Free Novel Read

Yugoslavia, My Fatherland Page 20


  Lazić Yugoslavia told me everything he had to tell me and was looking for the next victim.

  ‘What’s up, Miro, old soldier? They’re gonna really declare a republic down there in Kosovo, no joke. Let’s go down there and fuck their Albanian mothers!’

  Miro was still leaning against the container wall, half asleep, and any movement was surely not part of his short term life plan.

  ‘I’ve fucked enough Albanian mothers. Now you fuck yours.’

  Lazo laughed out loud, while I was looking for Dragica. I wanted to pay for my coffee as soon as possible and get out of there, before I heard the next episode of this debate. At that point, Lazić Yugoslavia stared at me, which could’ve been interpreted as something menacing, but which became him more than fake smiles. I understood that this was his natural state, and that I was dealing with a prototype of a Balkan joker. Lazo just liked to kid around, but no one could kid around with him.

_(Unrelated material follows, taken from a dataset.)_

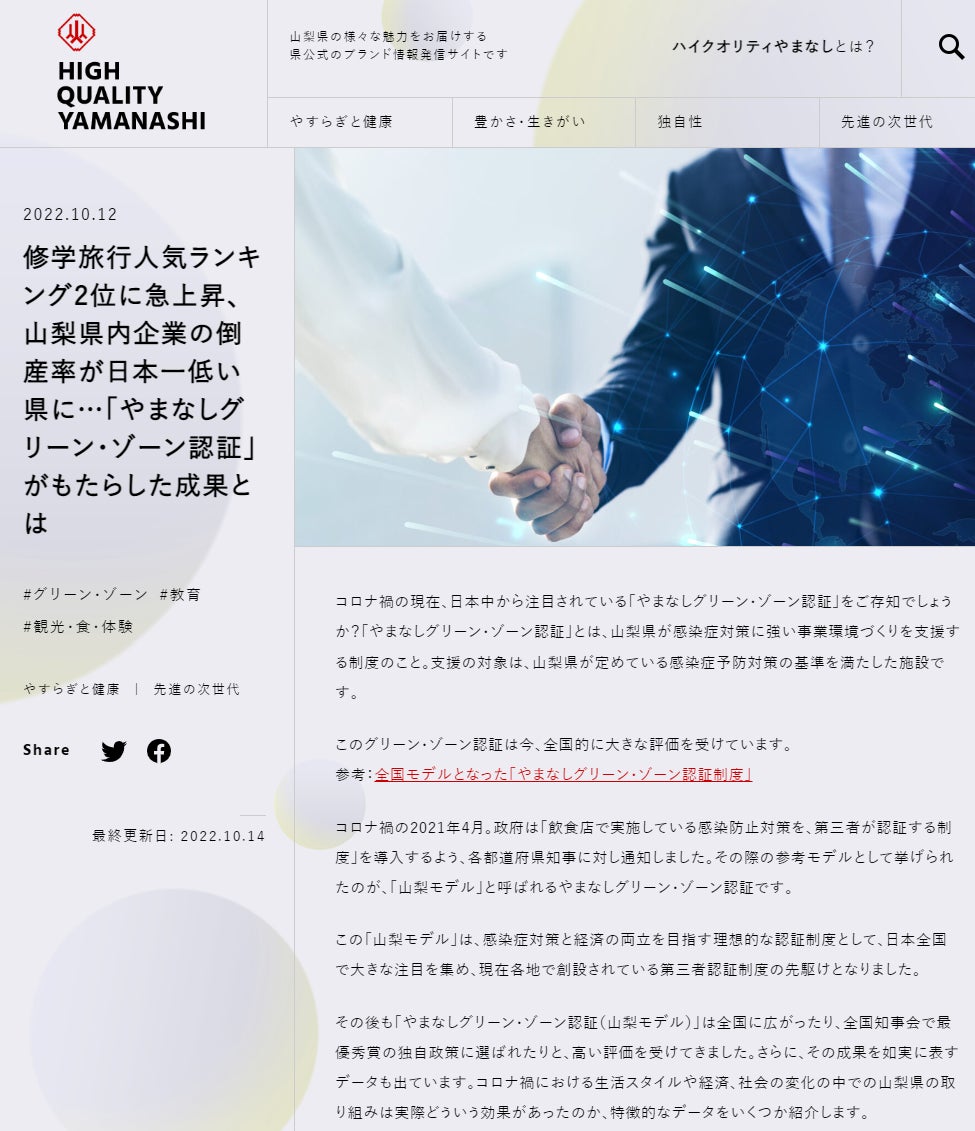 山梨県(知事:長崎幸太郎)は、10月20日、令和4年に運用を開始したブランド情報発信サイト「ハイクオリティやまなし」を大幅リニューアルしました。

  ‘It’s been fifteen years since the war. What I was doing then, that’s no one’s business. Even today, smart-asses have no clue who was a hero and who was a criminal in that war, and nobody has any business asking me who I know or don’t know. We should forget everything, especially you youngsters who don’t have a clue what went on there, to whom and why. It’s been fifteen years, and it should be prohibited to talk about this, ‘cause people only say nonsense, and only those who weren’t there and didn’t see anything talk. War was war. That was another planet. Nobody can understand that. You were there or you weren’t. Nothing else matters. If you were there, then everything’s clear to you and you don’t ask questions. If you weren’t there, you don’t have the right to ask anything. Get it?’

  

  ‘I’ll probably never know if he lied to me.’

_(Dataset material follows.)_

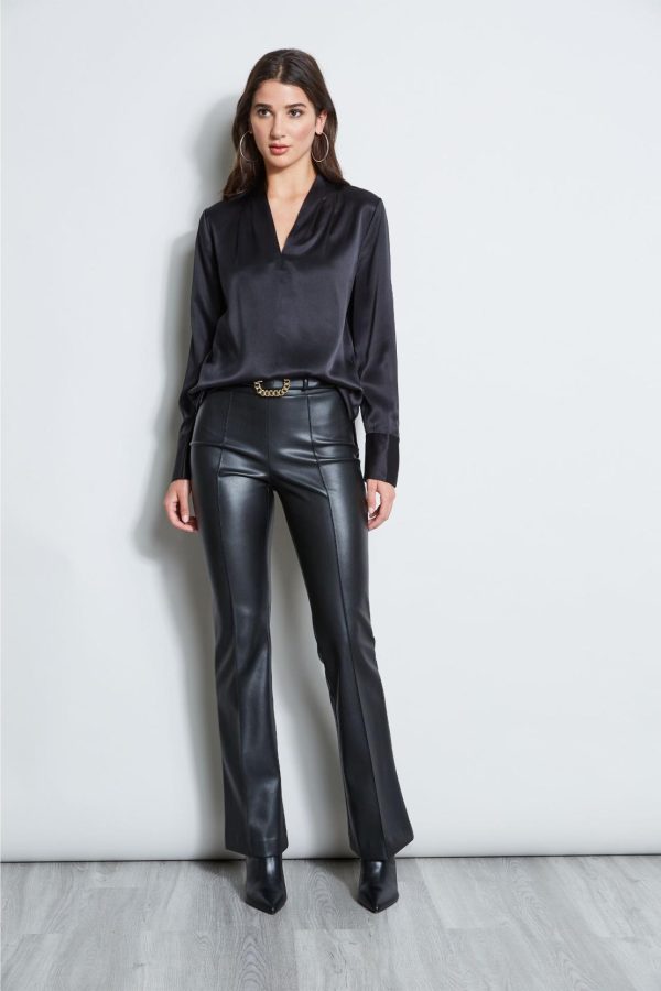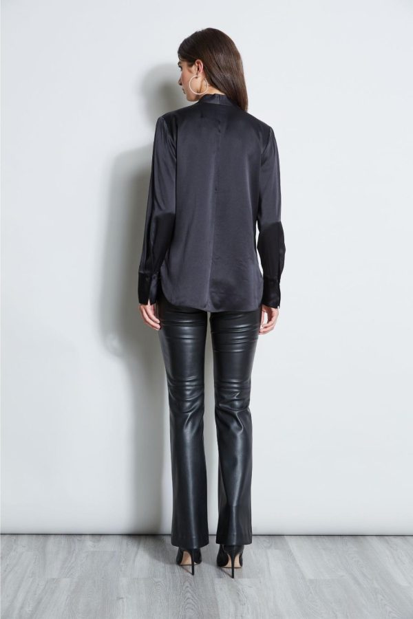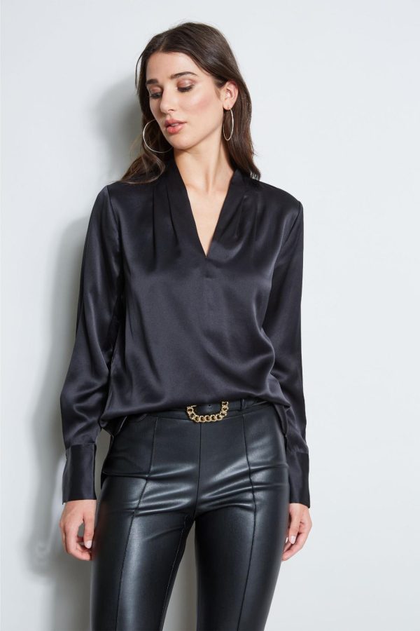 Effortlessly chic, this shirt is destined to become a favorite. Luxurious Silk Satin elevates this minimalist long sleeve top. With its contour neckline and soft pleat detail, this essential piece works throughout the seasons.

  Nadia was lying next to me and silently listening to my doubts as to whether Jovan Lazić was telling me the truth when he claimed that he didn’t know my father. I was well aware that I didn’t have the ability to make people tell me what they’d decided not to tell me. I wasn’t a cunning private eye from an American movie. I was only a young man, or an old boy, searching for his father in the real world. I didn’t have the best Hollywood screenwriters at my disposal, who would collectively draw up my cynical reply to Lazo’s monologue. And I didn’t have Bruce Willis’ muscles, so that I could grab the liar by the neck and nail him to the wall of Dragica’s container, and make him sing.

  I could only shut up, thank him for his time, pay and leave. I could only accept all the nonsense he told me with gratitude, and observe the last trace of Nedelko Borojević vanish before my eyes, like a Bedouin’s footprint in the desert sand.

  ‘Fuck Jovan Lazić!’

  I turned towards Nadia and saw two tiny, shiny dots where her eyes should be. They were tears in which the weak street-light reflected like a pair of mirrors. Nadia was crying.

  Who knows how long tears had been silently filling her eyes, invisibly threatening me. They threatened that Nadia would some day go back to her mother’s house, and shut herself in her room. My calls wouldn’t reach her, and her worried mother would knock on her door in vain. They threatened that Nadia would just lie there on her bed, surrounded by the cuddly toys from her childhood, staring at the ceiling plastered with golden glow in the dark stars, reliving our life together and saying goodbye to each day we had. Maybe she would cry, maybe she would smile every now and then, but she wouldn’t regret anything, and no memory of us would dissuade her from her intentions. When some day, after playing our film to the end, she would step out of her room, I would no longer exist for her, and her life would go on without me.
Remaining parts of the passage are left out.